▸ What is required
Reproduce every record below exactly, with the pictures left out.

[Stored dataset items]
--
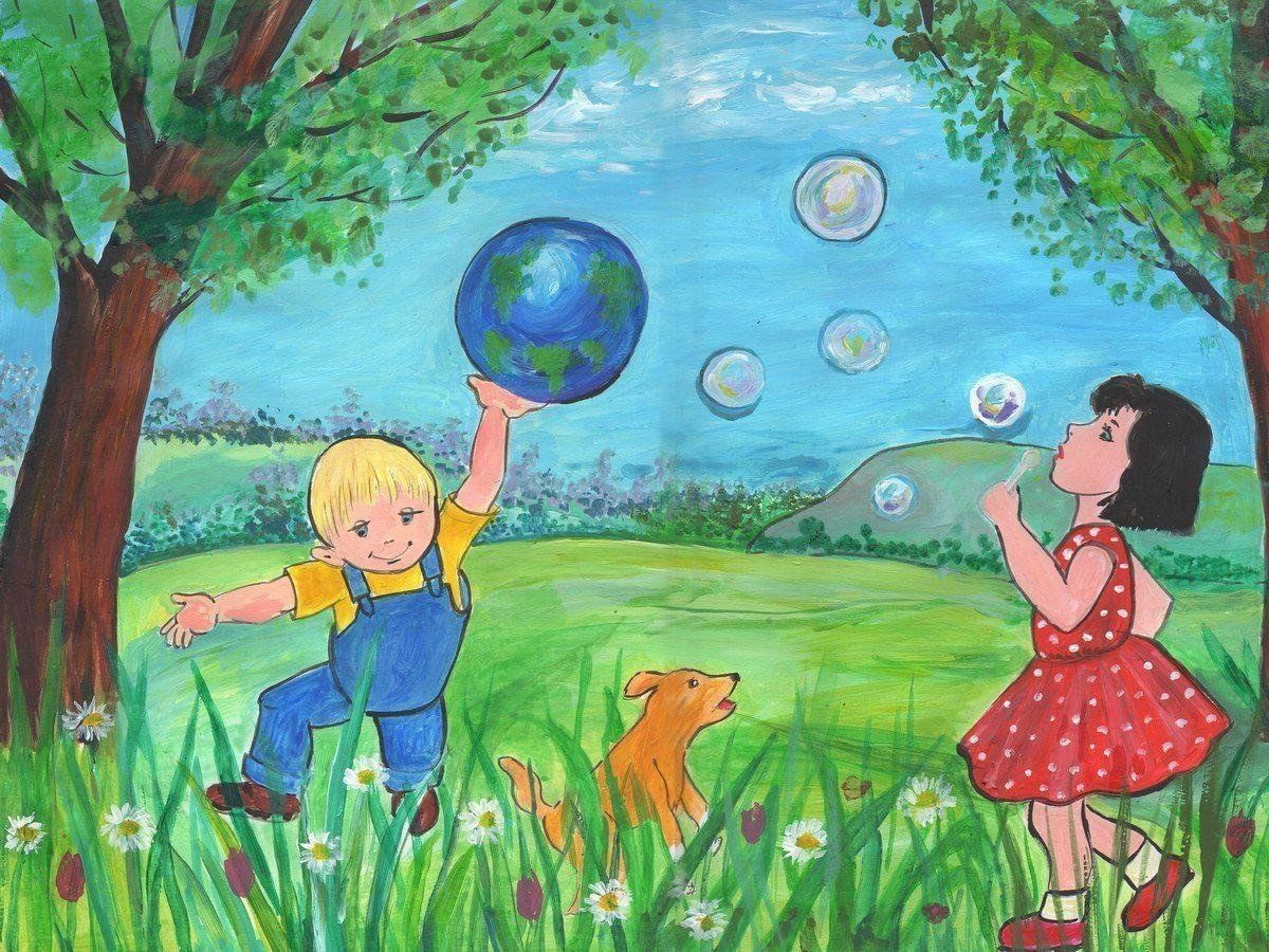 Дети в садике рисунок.
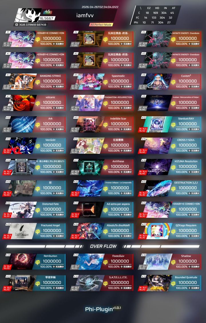 我去一回家发现Phi竟然拿了玩具狂奏曲ヾ(^∇^)我竟然在phi里玩到了Kikuo的歌✋😭✋phigros我喜欢你😋😋😋其实中二章节是唯一一个五首歌都有at的联动章节哦(憋憋 听曲再看定数已经知道是鬼谱了😡差点没解开at我大概这辈子不会碰IN了🙏开头被闪死了😱其实这张是超级协调谱就考协调底力什么的都路边👊209~259是第一个难点单手3k都管不了另一只手的双押了👊👊👊
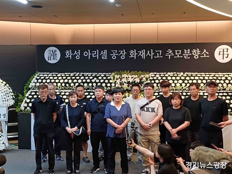 경기뉴스광장 최옥분 기자 |지난 24일 오전 화성시 서신면 전곡리 ‘아리셀’공장 화재로 인해 23명의 목숨을 유가족 중 중국 국적 유가족이 28일 화성시청 로비에 마련한 추모분양소를 찾아 입장문을 발표했다. 17명의 유가족 가운데 4명을 공동 대표로 하는 유가족이 ‘합동협의회’를 구성해 공동 대응하기로 했다.
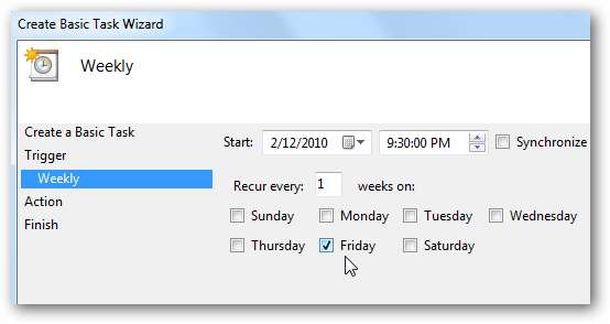 Haftalık çalışacak şekilde ayarladığımız için, ne zaman başlayacağını, ne sıklıkta tekrar edeceğini ve haftanın hangi gününde çalıştırılacağını planlamamız gerekiyor.
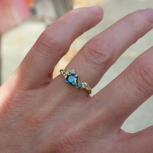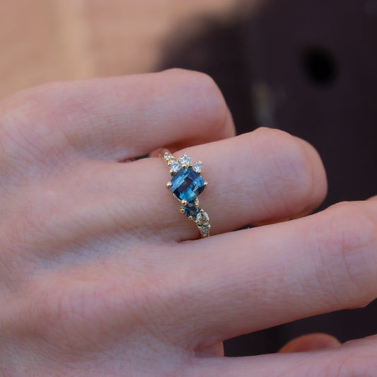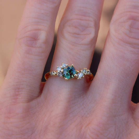 One Of A Kind Danae Ring - Teal Madagascan Sapphire 0.9ct And Natural Yellow Diamonds
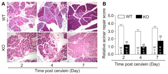 Previous studies showed that cerulein-induced acute pancreatitis is transient and self-limited in mice [31,32]. Because MFG-E8 levels remained high during the recovery phase of cerulein-induced acute pancreatitis (Figure 1), we examined whether lack of MFG-E8 impacts pancreatic recovery. WT and Mfge8 KO mice were injected with cerulein as described above and the pancreas was collected at 2, 4, and 7 days after the first injection. Two days after the onset of pancreatitis, the WT mouse pancreas exhibited typical features of prominent histological stromal reaction. Profound acinar regeneration was observed at 4 days and restoration of pancreatic architecture was evident at 7 days (Figure 4A,B, and Supplementary Figure S2). In Mfge8 KO mice, the stromal response began at 2 days and was prolonged for 7 days after the initial cerulein injection (Figure 4A,B and Supplementary Figure S2). Only mild acinar regeneration was observed throughout the course of cerulein-induced pancreatitis in Mfge8 KO mice. Collectively, these findings demonstrate that MFG-E8 plays an important role in promoting acinar repair.
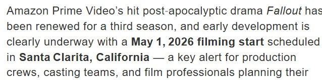 ·据悉,《辐射》真人剧第三季5月1日于加利福尼亚州的圣塔克拉利塔开拍,导演、编剧以及主演等阵容依然延续第二季,敬请期待。
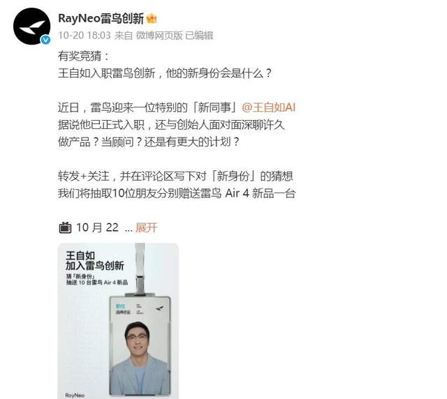 10月20日晚,智能眼镜品牌雷鸟创新一条微博引发圈内热议,其表示“王自如入职雷鸟创新,他的新身份会是什么?”并还用到了“近日,雷鸟迎来一位特别的「新同事」王自如,据说他已正式入职,还与创始人深聊许久,做产品?当顾问?还是有更大的计划?”成功吊起了网友胃口。
--
▸ Result of this exercise
 Дети в садике рисунок.
 我去一回家发现Phi竟然拿了玩具狂奏曲ヾ(^∇^)我竟然在phi里玩到了Kikuo的歌✋😭✋phigros我喜欢你😋😋😋其实中二章节是唯一一个五首歌都有at的联动章节哦(憋憋 听曲再看定数已经知道是鬼谱了😡差点没解开at我大概这辈子不会碰IN了🙏开头被闪死了😱其实这张是超级协调谱就考协调底力什么的都路边👊209~259是第一个难点单手3k都管不了另一只手的双押了👊👊👊
 경기뉴스광장 최옥분 기자 |지난 24일 오전 화성시 서신면 전곡리 ‘아리셀’공장 화재로 인해 23명의 목숨을 유가족 중 중국 국적 유가족이 28일 화성시청 로비에 마련한 추모분양소를 찾아 입장문을 발표했다. 17명의 유가족 가운데 4명을 공동 대표로 하는 유가족이 ‘합동협의회’를 구성해 공동 대응하기로 했다.
 Haftalık çalışacak şekilde ayarladığımız için, ne zaman başlayacağını, ne sıklıkta tekrar edeceğini ve haftanın hangi gününde çalıştırılacağını planlamamız gerekiyor.
 One Of A Kind Danae Ring - Teal Madagascan Sapphire 0.9ct And Natural Yellow Diamonds
 Previous studies showed that cerulein-induced acute pancreatitis is transient and self-limited in mice [31,32]. Because MFG-E8 levels remained high during the recovery phase of cerulein-induced acute pancreatitis (Figure 1), we examined whether lack of MFG-E8 impacts pancreatic recovery. WT and Mfge8 KO mice were injected with cerulein as described above and the pancreas was collected at 2, 4, and 7 days after the first injection. Two days after the onset of pancreatitis, the WT mouse pancreas exhibited typical features of prominent histological stromal reaction. Profound acinar regeneration was observed at 4 days and restoration of pancreatic architecture was evident at 7 days (Figure 4A,B, and Supplementary Figure S2). In Mfge8 KO mice, the stromal response began at 2 days and was prolonged for 7 days after the initial cerulein injection (Figure 4A,B and Supplementary Figure S2). Only mild acinar regeneration was observed throughout the course of cerulein-induced pancreatitis in Mfge8 KO mice. Collectively, these findings demonstrate that MFG-E8 plays an important role in promoting acinar repair.
 ·据悉,《辐射》真人剧第三季5月1日于加利福尼亚州的圣塔克拉利塔开拍,导演、编剧以及主演等阵容依然延续第二季,敬请期待。
 10月20日晚,智能眼镜品牌雷鸟创新一条微博引发圈内热议,其表示“王自如入职雷鸟创新,他的新身份会是什么?”并还用到了“近日,雷鸟迎来一位特别的「新同事」王自如,据说他已正式入职,还与创始人深聊许久,做产品?当顾问?还是有更大的计划?”成功吊起了网友胃口。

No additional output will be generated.